It’s no secret anymore – the real estate market is well over its peak and on it’s way downwards. Some areas have dropped very slowly and others have taken a much larger hit. During times like these, many people who had unrealistic expectations of the market are starting to face hardship as the euphoria dies down and people realize that it’s not nearly as easy to sell a property in 2023 as it was in 2022 or 2021.
Let’s start with the good news. If you bought a property in the past five years and borrowed money, your interest rate is likely much lower than today’s rate. Your property may not be worth what you had hoped it would be but if you bought right, the mortgage payment is reasonable and you probably still have equity. If it’s an investment property, your rent has probably gone up at least 10-20% since 20and you’re at least turning a small profit.
Now let’s talk about the market and the near future. It’s likely that we’ll be in this high interest rate environment for a while, property values will continue to decline before they eventually bottom out, and rent growth will continue to slow (or even go into negative numbers in certain areas). What that means to me is many people will be forced to sit on their properties for a while. Many homeowners that had planned on moving to a better neighborhood or a larger house won’t do so anymore because even making a lateral move means their mortgage payment would rise 40+%. Investors will be less likely to sell because they don’t have nearly as much equity as they did a year ago and it’s more difficult to find a good deal right now.
What does this mean for you? If you own a home or investment property, now is the time to think about 2033. Do you really want to own that property in 10 years? Have you been keeping up with the maintenance or do you see any major hits to your pocketbook in the near future? Are you being realistic with your expenses? Do you have a loan that will be adjusted in the next few years? These are some of the questions that we have been thinking about ourselves with our portfolio and which have led us to sell every single one of our headache properties that we don’t want to be in a 10-year relationship with.
Why 10 years? Because that’s how long the market could take to come back to its current levels. No one has a crystal ball but it’s better to plan for the worst and be prepared than to be caught swimming naked with a property that is eating money out of your pocket every year. We may never see 2020/2021 rates again in our lifetimes and given how long the economy has been up (and many other factors which I won’t get into in this post), I don’t think it’s unrealistic at all to expect a decade of softening.
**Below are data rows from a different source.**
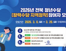 김제시가 지역 청년들의 취업 준비 부담을 덜기 위해 구직활동 지원에 나섰다. 김제시는 미취업 청년의 구직활동을 지원하기 위한 ‘2026년 전북형 청년활력수당’ 참여자 75명을 모집한다고 5일 밝혔다. 전북형 청년활력수당은 취업을 준비하는 청년들에게 구직활동비를 지원해 안정적인 취업 준비 환경을 조성하고 청년의 자립 기반 마련과 사회 진입을 돕기 위해 추진되는 사업이다. 지원 대상은 공고일 기준 김제시에 주민등록을 둔 18세부터 39세까지의 미취업 청년이다. 가구 기준 중위소득 150% 미만이어야 하며 재학생은 신청할 수 없고 최종학력 졸업·중퇴·수료자만 참여 가능하다. 선정된 참여자에게는 월 50만 원씩 6개월간 총 300만 원이 지급된다. 지원금은 지역화폐 50%와 체크카드 연계 포인트 50% 방식으로 지급되며 교재 구입과 자격시험 응시료, 면접 준비 비용 등 구직활동 관련 비용으로 사용할 수 있다. 신청 기간은 6일부터 20일까지이며 전북형 청년활력수당 홈페이지에서 신청서와 관련 서류를 제출하면 된다. 정성주 김제시장은 “청년들이 경제적 부담 없이 취업 준비에 전념할 수 있도록 실질적인 지원을 강화하겠다”며 “앞으로도 청년의 자립과 지역 정착을 위한 정책
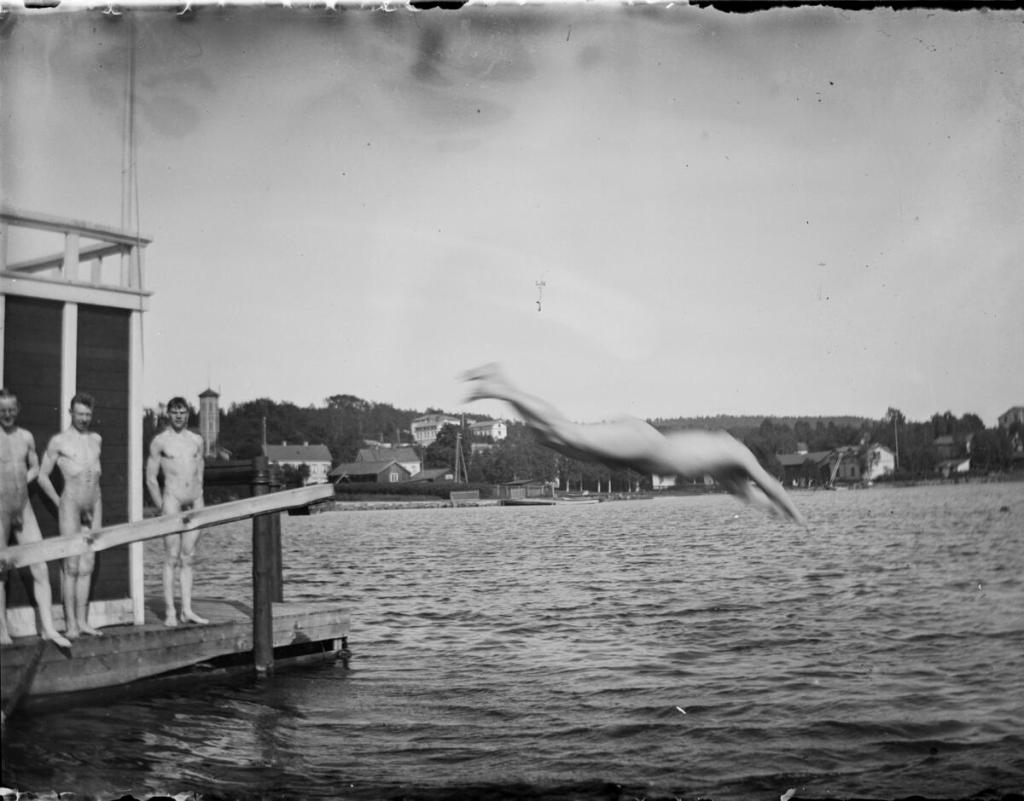 This is image was obtained from something called the Digitaltmuseum organization. They collect and archive images from various Swedish museums. The description was simply “four men in an open-air bathhouse.” No date, location or further description. Nice pic, though.
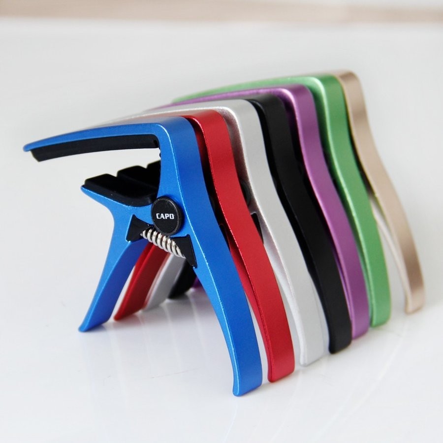 エレキギター・アコースティックギター・フォークギターなど様々なギターに使用出来る、バネ式のカポタストです。
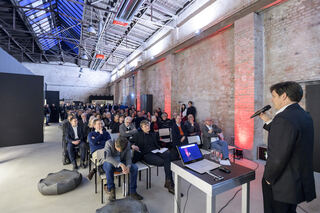 Beim Neujahrsempfang der Architektenkammer im Betriebswerk beim Tankturm sprechen Vorsitzender Jan van der Velden-Volkmann und Erster Bürgermeister Jürgen Odszuck zu den Gästen.
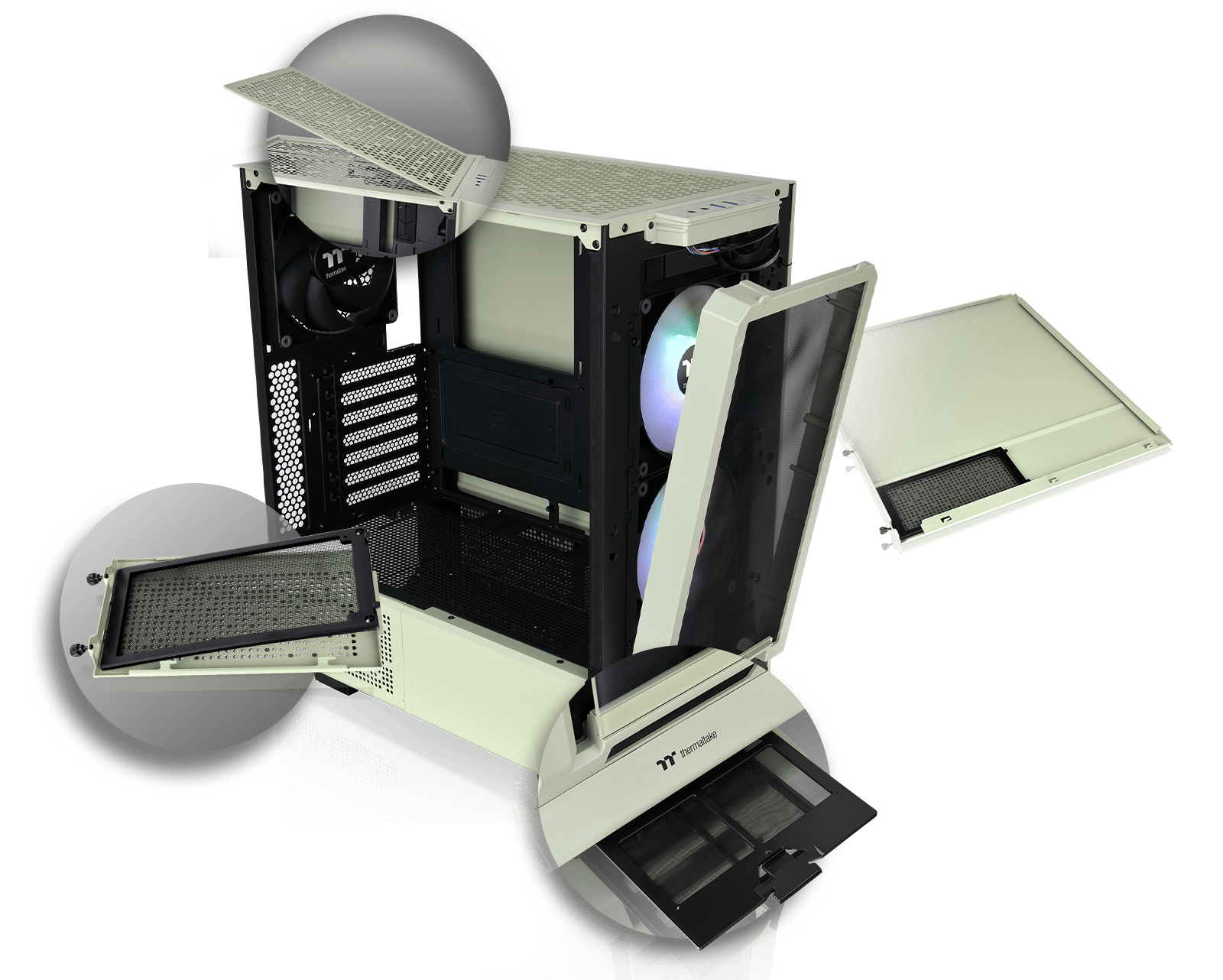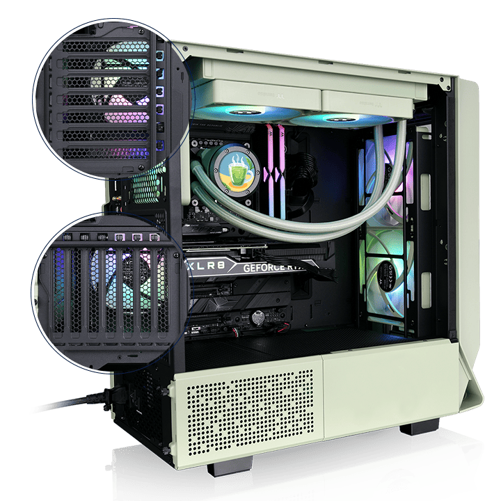 Created for next-generation Hidden-Connector motherboards, the Ceres 350 MX Matcha Green Mid Tower Chassis features a special design that enables support for both standard motherboards and hidden-connector motherboards.
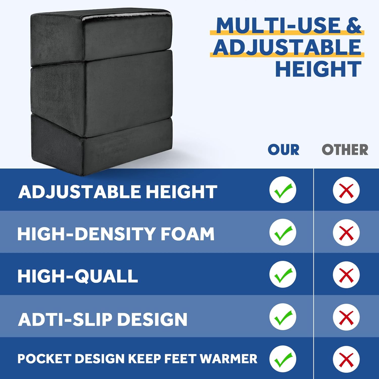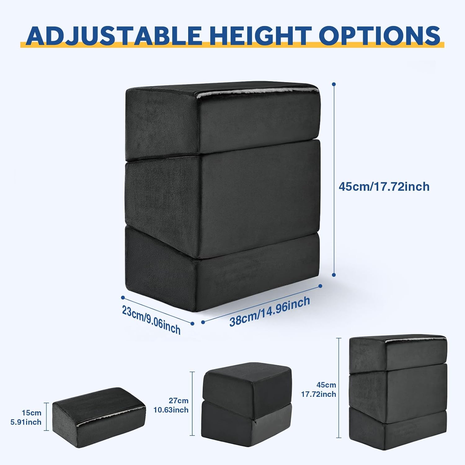 - ❤ [ Adjustable Foot Rest ] Wantell footstool offers you 3 adjustable height options of 6 inch and 11inch, 17inches. You can increase or decrease the number of layers according to the needs of different scenarios to maintain the correct sitting position while providing you with maximum comfort.
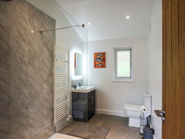 Separate Toilet.. Oil central heating, electricity, bed linen, towels and Wi-Fi included. Initial fuel for wood burner included. Highchair, available on request. Welcome pack. Enclosed decking area. Hot tub for 4 (private). Private parking for 2 car. No smoking. Please note: This property is located on a working farm.. Oakwood Lodge is located within a mile of the peaceful village of Meifod, a picturesque rural community nestled in the scenic Vyrnwy Valley, and it’s a welcoming retreat, purpose-built with holiday comfort in mind. Decorated in a stylish, contemporary finish, it features an open-plan living space with a handmade kitchen, dining area, and lounge that flows out onto a private terrace. Suspended on stilts, the terrace gives spectacular views across the lake and surrounding countryside and comes complete with a bubbling hot tub to enjoy after a day’s exploring.

Real estate is a difficult (and fun) lifelong game of monopoly that leads many people to be swept up in emotion and make illogical decisions. I’ve found that the hardest part of making these decisions at the moment is thinking about the opportunity cost. All properties should theoretically go up over the long term but having funds sunk into one property means that you can’t use them to take advantage of another one. There are going to be a LOT of people caught swimming naked financially in the next 3 years and many opportunities to make deals of a lifetime. Don’t forget that as you’re making your decision!